Silver surged 7% to its highest level since March, while copper hit a new record at $6.50, as traders rotate into AI-linked metals used in data-center wiring and cooling. Options activity in SLV turned heavily bullish, with more than twice as many calls as puts and over 90,000 calls bought versus 31,000 puts bought. One trader sold 1,000+ June 18 70-strike puts for $259,000 and used the proceeds to buy over 1,900 80-strike calls for roughly $1 million, targeting an 11% upside move.

Analysis

The interesting part of this move is not the metal itself but the market's attempt to re-price the AI buildout away from the obvious beneficiaries and into the upstream bottlenecks. Silver has a cleaner retail narrative than copper, but both are really a proxy for the same thesis: data-center electrification is starting to strain a set of inputs that were previously treated as interchangeable and cheap. If that framing gains traction, the beneficiaries broaden beyond semis into miners, recyclers, and industrials with hidden exposure to conductive materials and power infrastructure. The second-order effect is that a sustained bid in silver/copper can become self-reinforcing through options positioning and CTA trend-following, but only if the move is confirmed by continued spot tightening rather than a one-day headline squeeze.

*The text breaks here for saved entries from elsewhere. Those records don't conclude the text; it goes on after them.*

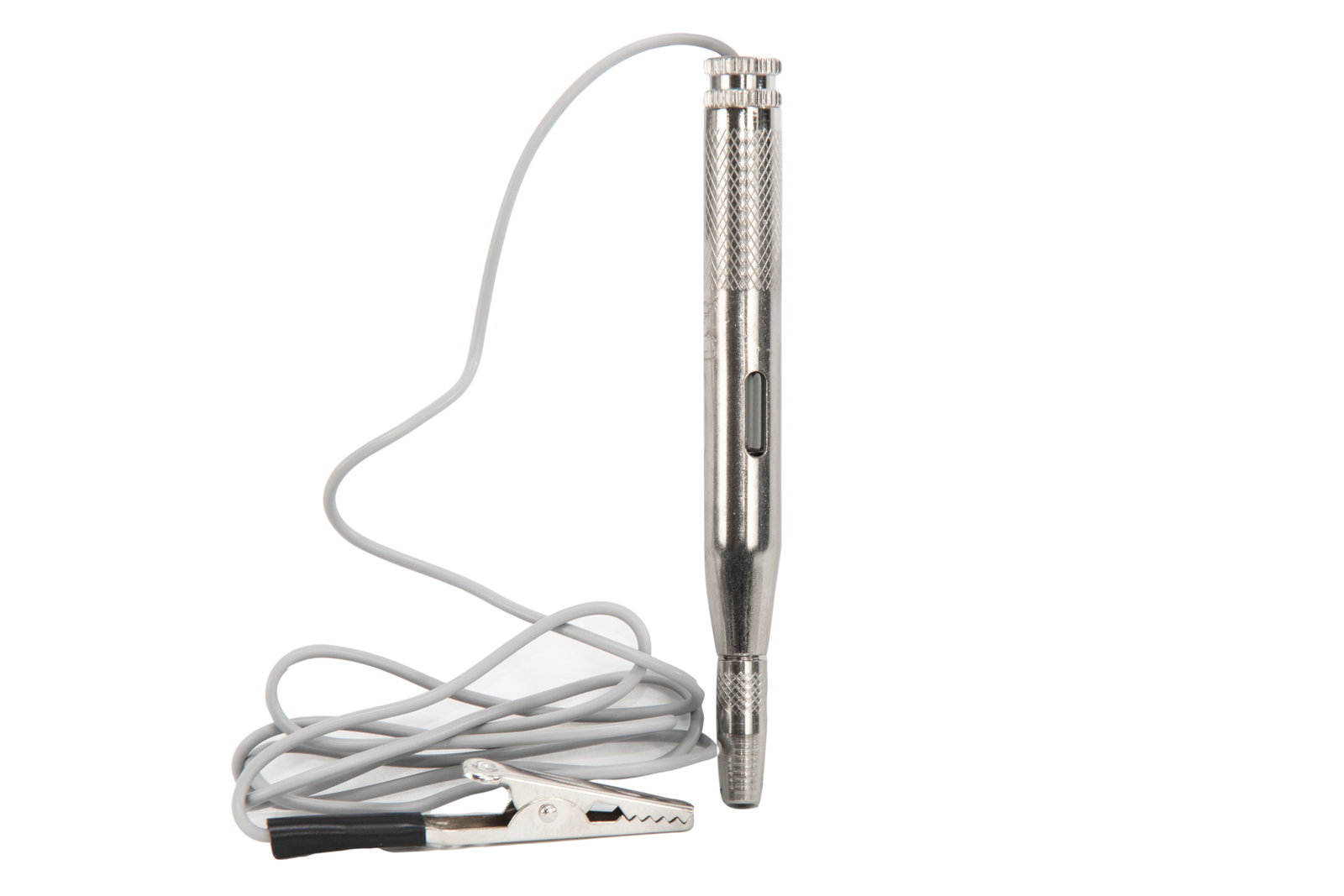 Do sprawdzania instalacji elektrycznej w samochodach. Z mosiądzu. Żarówka dobrze osłonięta od uszkodzenia. Wyposażony w końcówkę igłową do przekłuwania izolacji. Z zakrętką ochronną, kabelkiem i zaciskiem krokodylkowym. Niklowany.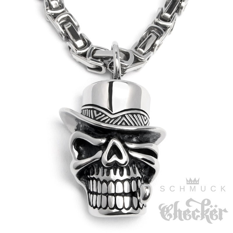 Edelstahl ketten-Anhänger Totenkopf Zylinder Pfeife Steampunk + 60cm Königskette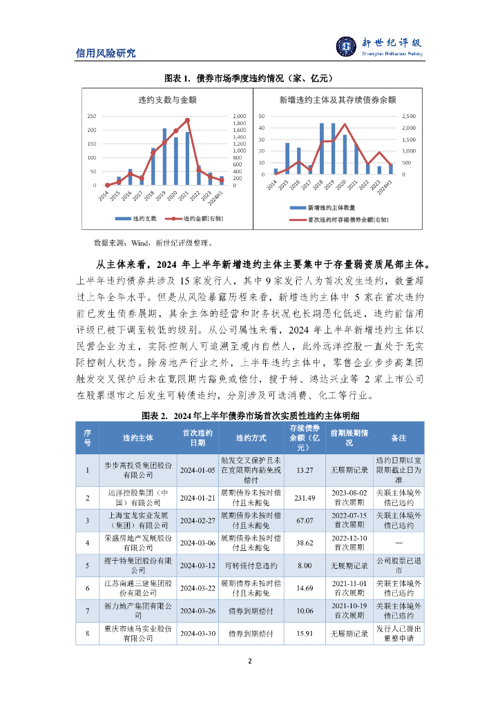 新世纪评级:新增违约集中于出险房企和退市主体 信用风险总体平稳——2024年上半年债券市场信用风险分析及展望.pdf
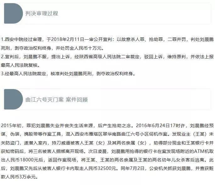 刚刚,西安曲江六号抢劫杀人案罪犯刘晨鹏被执行死刑
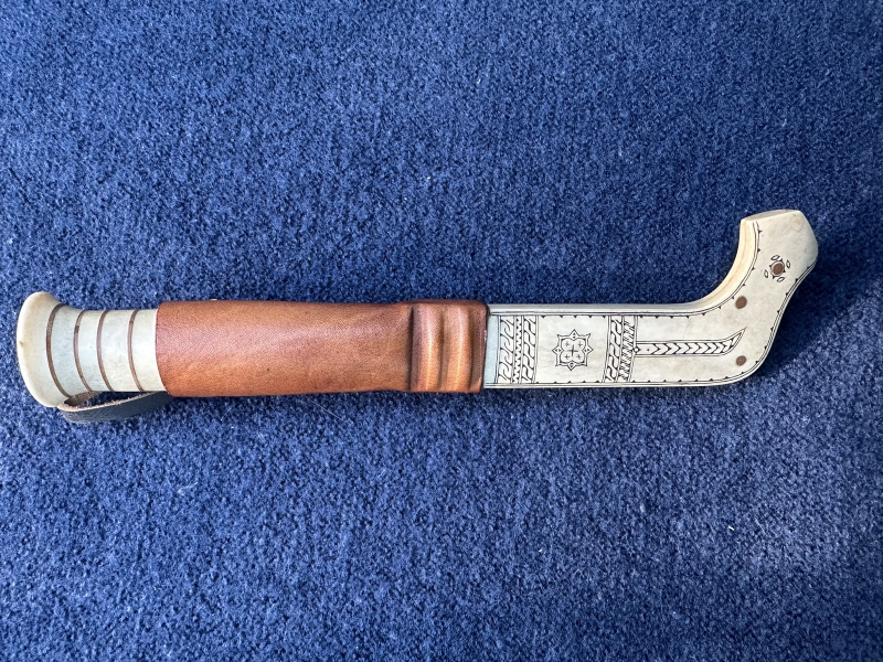 Biete hier dieses alte sehr gut erhaltene Sami oder Finnenmesser zum Verkauf an. Die Messerscheide ist sehr schön graviert, und auf der rückseite signiert. Die Gesamtlänge des Messers ist 22,5 cm. die Klingenlänge ist 9,7 cm. Das Messer befindet sich in einem sehr guten Zustand, und ist unbeschädigt.

Silver is especially vulnerable to being treated as a high-beta momentum vehicle: that makes it attractive for convexity trades, but also means it can unwind quickly if real yields back up or if the market decides AI capex is rotating from physical build-out into software and inference efficiency. The next few weeks matter more than the next few quarters because June-expiry flow can dominate price discovery. The contrarian miss is that a lot of the AI commodity basket may already be crowded in the most obvious names, while silver remains relatively under-owned versus its narrative value. That creates room for a squeeze, but not necessarily a durable secular rerating unless industrial demand visibly improves. If this is mostly a positioning trade, the right risk control is to respect that the upside can extend another 10-15%, but the downside can erase it just as fast once call demand fades.